___ Available data ___

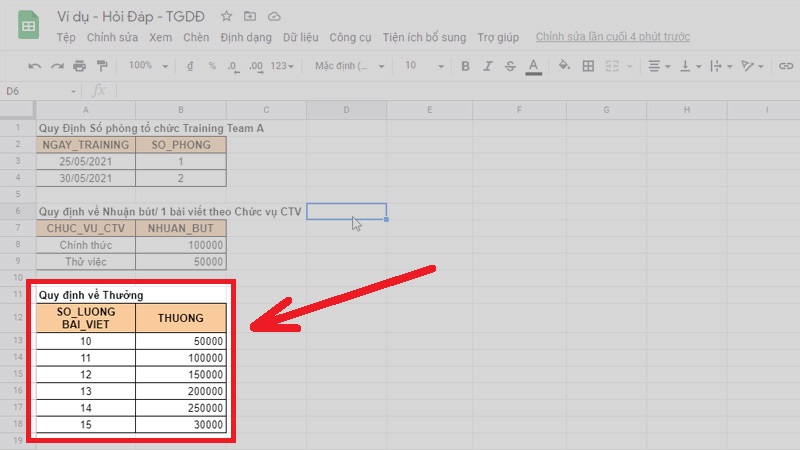 Ta có bảng dữ liệu các thông tin quy định, trong đó sẽ có quy định về tiền thưởng theo số lượng bài viết của CTV Team A.
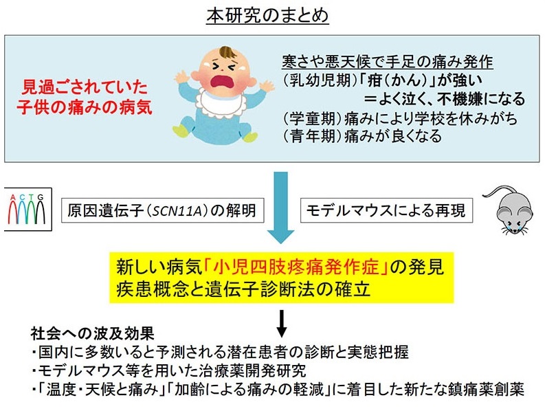 また、本研究により、乳幼児期に始まる手足の痛み発作の原因が特定され、疾患として新たに確立することができ、この病気を「小児四肢疼痛発作症」(Infantile episodic limb pain)と命名しました。
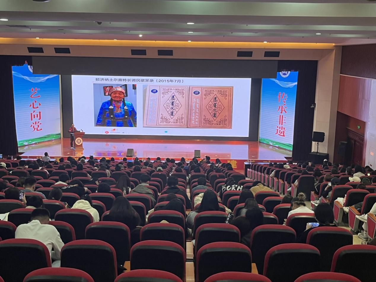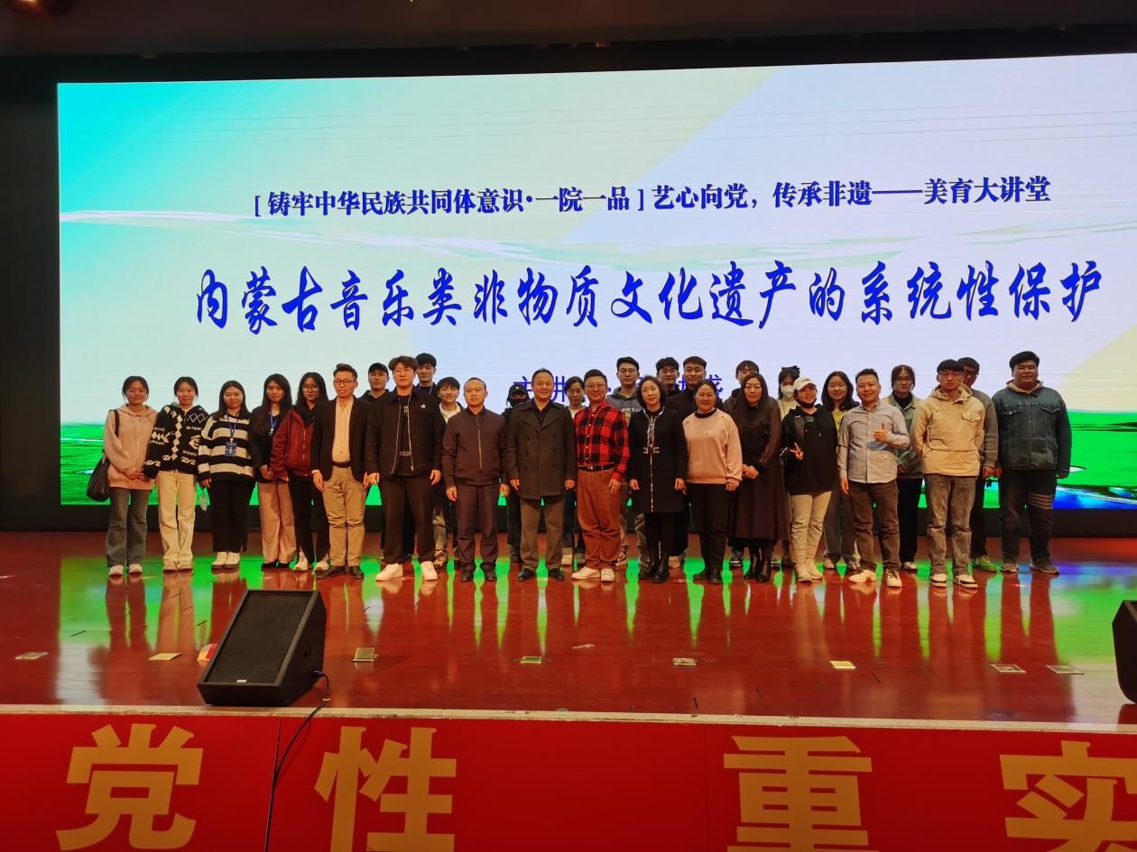 为进一步学习宣传贯彻党的二十大精神,落实立德树人根本任务,全面加强大学生美育工作,推进非物质文化遗产进校园,3月27日,学校在北院图书馆二楼报告厅举办了“艺心向党 传承非遗”美育大讲堂专题讲座。本次讲座由教务处、统战部主办,音乐学院承办,邀请内蒙古艺术研究院二级艺术评论员、教育部青年拔尖人才张劲盛为beat365官网师生作了题为“内蒙古音乐类非物质文化遗产的系统性保护”的学术讲座。讲座由音乐学院院长韩木兰主持。

___

Task details: I would like the lines from the one with "episodic limb pain)と命名しました。" through the last line of the data above retyped exactly, with pictures left out, please.

Answer section:
 また、本研究により、乳幼児期に始まる手足の痛み発作の原因が特定され、疾患として新たに確立することができ、この病気を「小児四肢疼痛発作症」(Infantile episodic limb pain)と命名しました。
 为进一步学习宣传贯彻党的二十大精神,落实立德树人根本任务,全面加强大学生美育工作,推进非物质文化遗产进校园,3月27日,学校在北院图书馆二楼报告厅举办了“艺心向党 传承非遗”美育大讲堂专题讲座。本次讲座由教务处、统战部主办,音乐学院承办,邀请内蒙古艺术研究院二级艺术评论员、教育部青年拔尖人才张劲盛为beat365官网师生作了题为“内蒙古音乐类非物质文化遗产的系统性保护”的学术讲座。讲座由音乐学院院长韩木兰主持。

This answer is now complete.